It's also a daylong contest in which teams, uh, dash around cities, vying to be the first to solve a series of tricky puzzles. Think "The Amazing Race" with no need for airplanes or life preservers and more of a premium on brainpower.
From the DASH website:
Form a team with a few of your friends and be part of an amazing game that is sweeping the nation! From fictitious graveyards to s'mores designed in morse code to music clips containing a hidden message, anything is possible to encounter when playing in the DASH puzzle hunt.
A puzzle hunt, a unique type of treasure hunt, is a fun, interactive, outdoor event in which teams of players race to find and solve creative puzzles hidden in different locations.
DASH (Different Area—Same Hunt) is a puzzle hunt event that happens simultaneously across multiple cities across the United States. The inaugural DASH in September 2009 spanned 8 cities. DASH 3 is currently being planned in 12 participating cities.
Creating the hunt is a collaborative effort of puzzle enthusiast volunteers across the country. Each city contributes a clue to the event, and each event uses all the clues from the contributing cities.
What if I've never played in a puzzle hunt before?
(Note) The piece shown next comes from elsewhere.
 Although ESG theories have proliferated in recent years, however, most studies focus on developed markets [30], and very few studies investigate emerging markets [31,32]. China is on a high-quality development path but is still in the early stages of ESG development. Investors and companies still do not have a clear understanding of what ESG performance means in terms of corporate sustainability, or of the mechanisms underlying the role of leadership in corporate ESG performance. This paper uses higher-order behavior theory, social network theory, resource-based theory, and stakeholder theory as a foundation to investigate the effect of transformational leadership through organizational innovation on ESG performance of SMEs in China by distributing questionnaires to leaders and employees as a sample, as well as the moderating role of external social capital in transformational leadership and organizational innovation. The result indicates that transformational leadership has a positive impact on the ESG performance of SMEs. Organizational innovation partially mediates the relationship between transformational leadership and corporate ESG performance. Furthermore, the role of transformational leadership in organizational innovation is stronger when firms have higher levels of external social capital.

You'd be surprised at how easy it is to start solving. DASH is a great opportunity for first time puzzle hunters. The goal is for everyone to have fun, so you'll get all the help and hints you want!
Participating Cities
To my fellow denizens of the Windy City, note that Chicago is a DASH city for the first time.
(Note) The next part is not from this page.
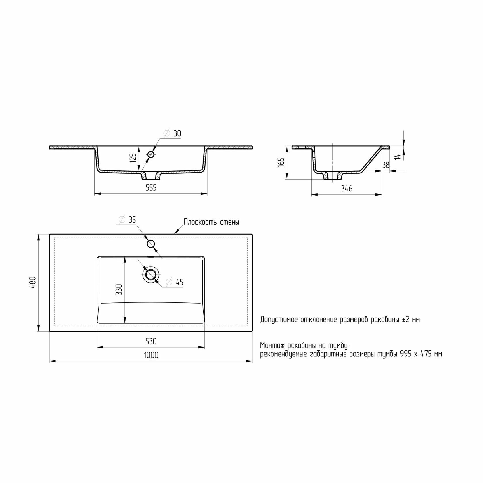 Раковина для ванной Uperwood Megan 100х48х16,5 см, белая матовая интересное:

The best-known puzzle hunt is probably the MIT Mystery Hunt, in which a handful of the world's smartest people concoct a themed series of insanely difficult puzzles for hundreds more of the W.S.P. to solve. Even for the impossibly intelligent Mystery Hunt crowd, it can take an entire weekend of nonstop solving to find the final answer.
DASH players tend to be plenty smart too, but where the MIT hunt is a grueling marathon, DASH is more of a general interest game day that begins in late morning and is designed to be finished by dinnertime. The emphasis is less on competition than on enjoying the novel experience and adrenaline rush of citywide team puzzle solving.
I think of DASH more in the spirit of the late, great Tropic Hunt, a puzzle treasure hunt sponsored by the Miami Herald's Tropic magazine. Hundreds of people would enter every year — some traveling to Miami for the privilege — to indulge in a day of ingenious puzzles leavened with clever witticisms from the Herald's resident humorist, Dave Barry.